Otwinowski et al. (252) cocrystallized the Trp repressor and a 19-bp operator
and resolved its structure to 2.4 Å (0.24 nm). Unexpectedly, there were no direct hydrogen bonds between functional groups of the bases and the amino acids of the repressor. Instead, the interactions were mediated by a layer of water molecules at the interface between protein and DNA. A process of indirect readout in which the repressor recognized sequence-dependent structural variations unique to the trp operator was proposed. This interpretation is strongly argued in a review by Luisi and Sigler (219), and support for structural changes in the DNA when the repressor binds is provided by nuclear magnetic resonance studies of solution structures of trp-repressor-operator DNA complexes (357).
Staacke et al. (310) proposed that the DNA sequence used in these structural studies does not represent the true operator, which, they suggested, involves a larger sequence to which two dimers bind with centers between –4 and –5 and +4 and +5 (so-called β symmetries). Further experimentation and careful analyses, however, have ruled out this possibility (58, 157). Controversy about the role of water molecules at the protein-DNA interface, however, still continues. Brennan and Matthews (39) and Carey et al. (58) suggested that the conditions required for crystal growth may favor nonspecific binding of the type observed with an interface of water molecules. Furthermore, on the basis of the altered DNA-binding specificities of two TrpR mutants which have the amino acid serine or lysine substituted for threonine at the third position of the second helix of the HTH, Pfau et al. (254) argue for direct specific contacts between the amino acids in the TrpR repressor and the trp operator DNA. Also, nuclear magnetic resonance solution structures of the repressor-operator complex as reported by Zhang et al. (357) do not include a layer of water molecules at the protein-DNA interface. A generally agreed upon position on the interaction between TrpR protein and its operator targets has therefore not yet been reached.

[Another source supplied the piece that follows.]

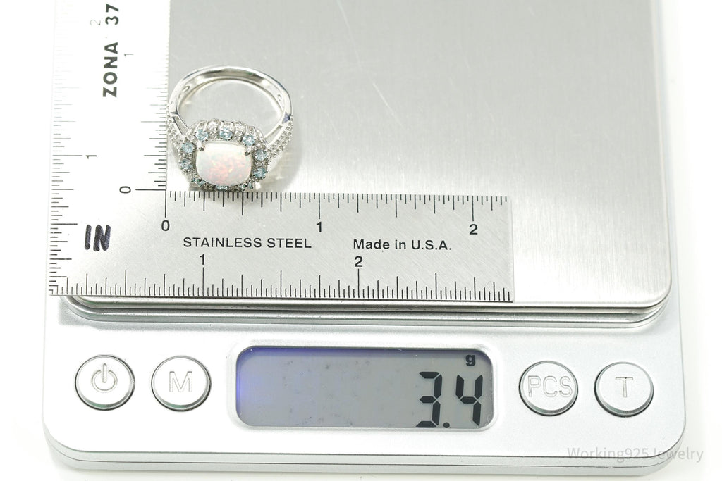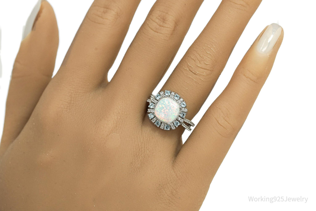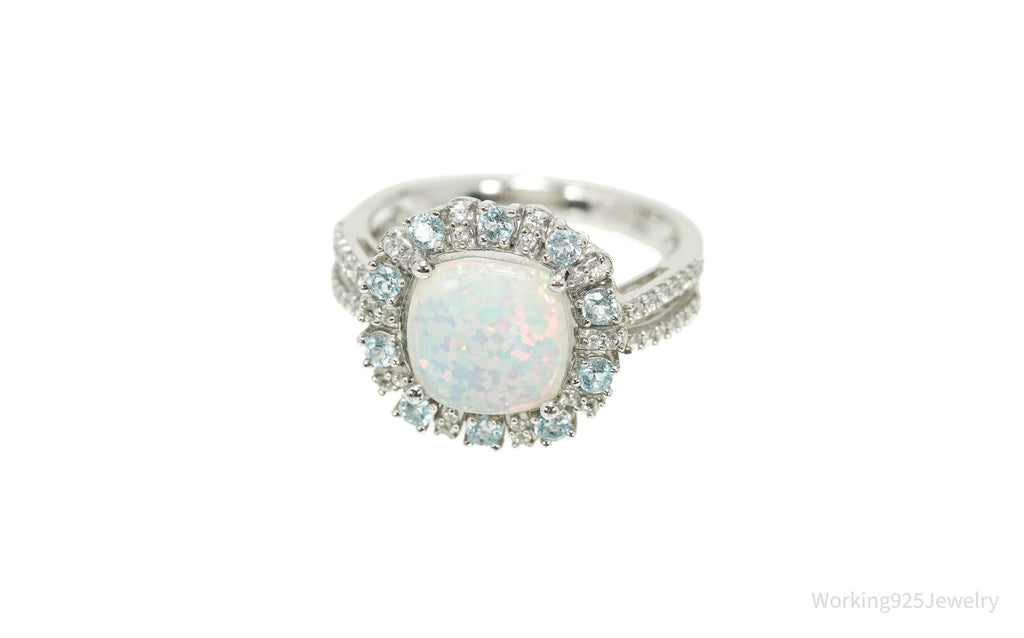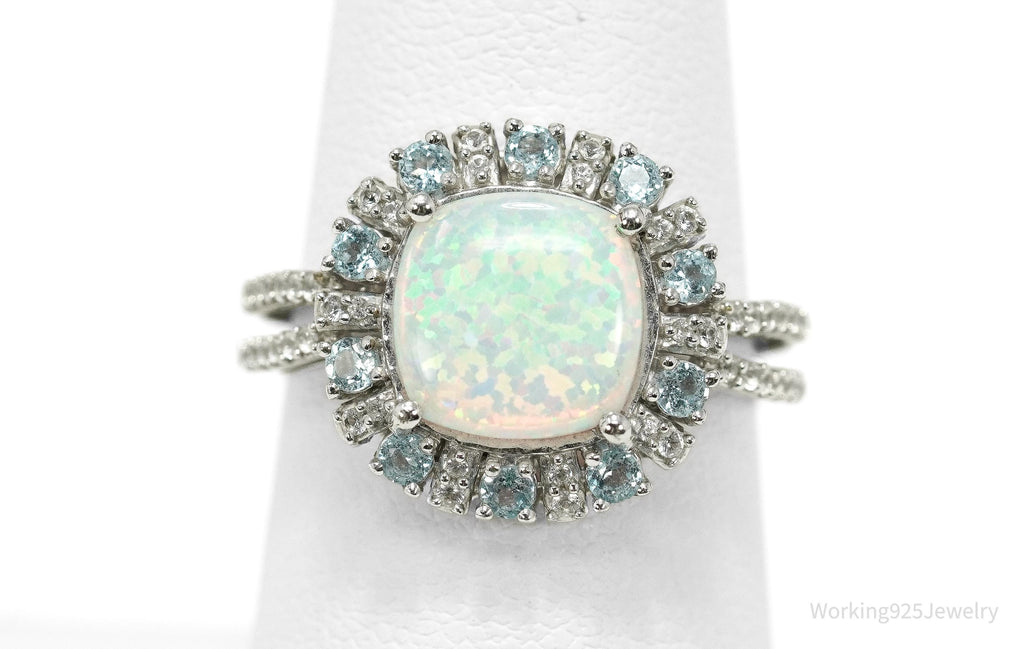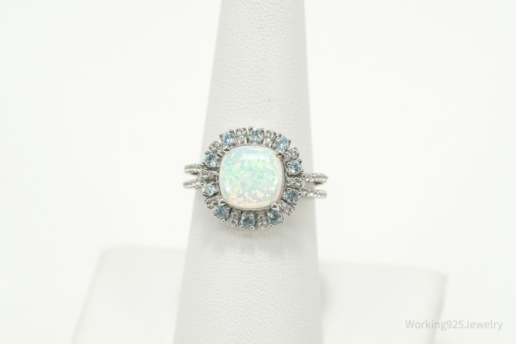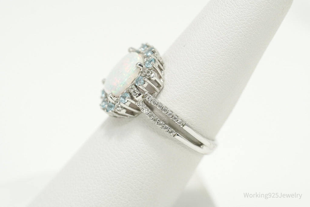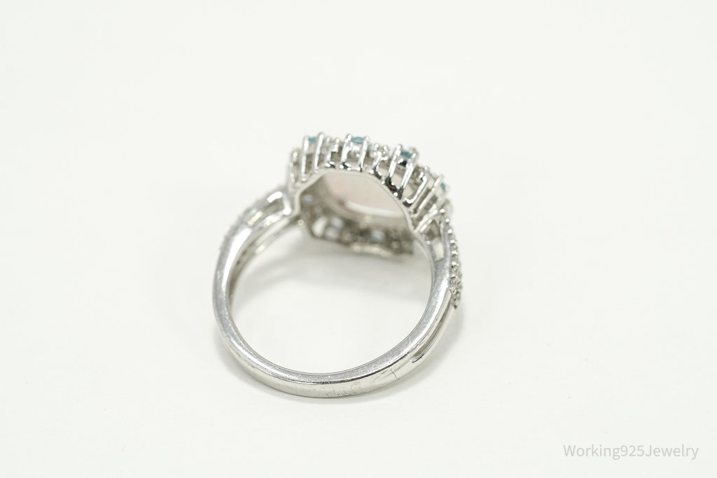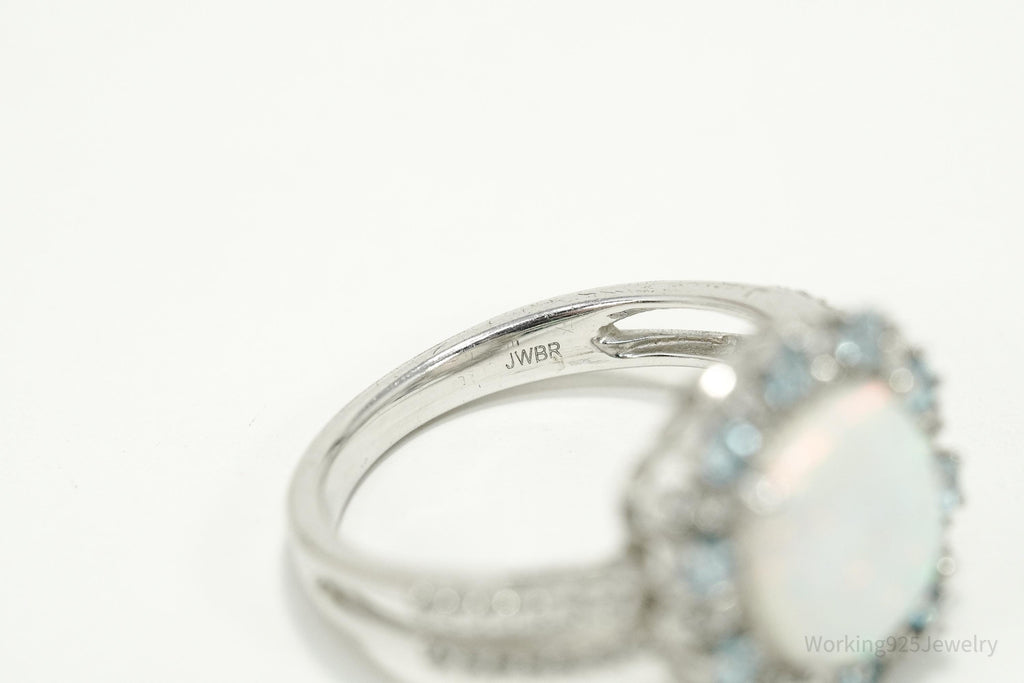 Vintage JWBR Opal, Blue Topaz, & Cubic Zirconia Sterling Silver Ring - Size 7

The number of molecules of Trp repressor that bind to the trp operator in vivo is also not resolved. In vitro studies suggest either three or two dimers per trp operator target when a 40-bp target is used (204, 216) and one dimer if a 20-bp operator is used (58, 216). If, on the other hand, a 16-bp palindromic DNA containing a central trp operator half-site is complexed with the TrpR repressor, paradoxically, the stoichiometry of the complex is found to be 2:1, with two dimers binding tandemly to the half-site (209). In this same study, it was shown that the N-terminal arms of the repressor increase the binding affinities of tandemly bound dimers, probably by mediating dimer-dimer interactions. Such binding to half sites could be of particular relevance to aroL and mtr, in both of which the right-hand trp half-sites appear to be very weak.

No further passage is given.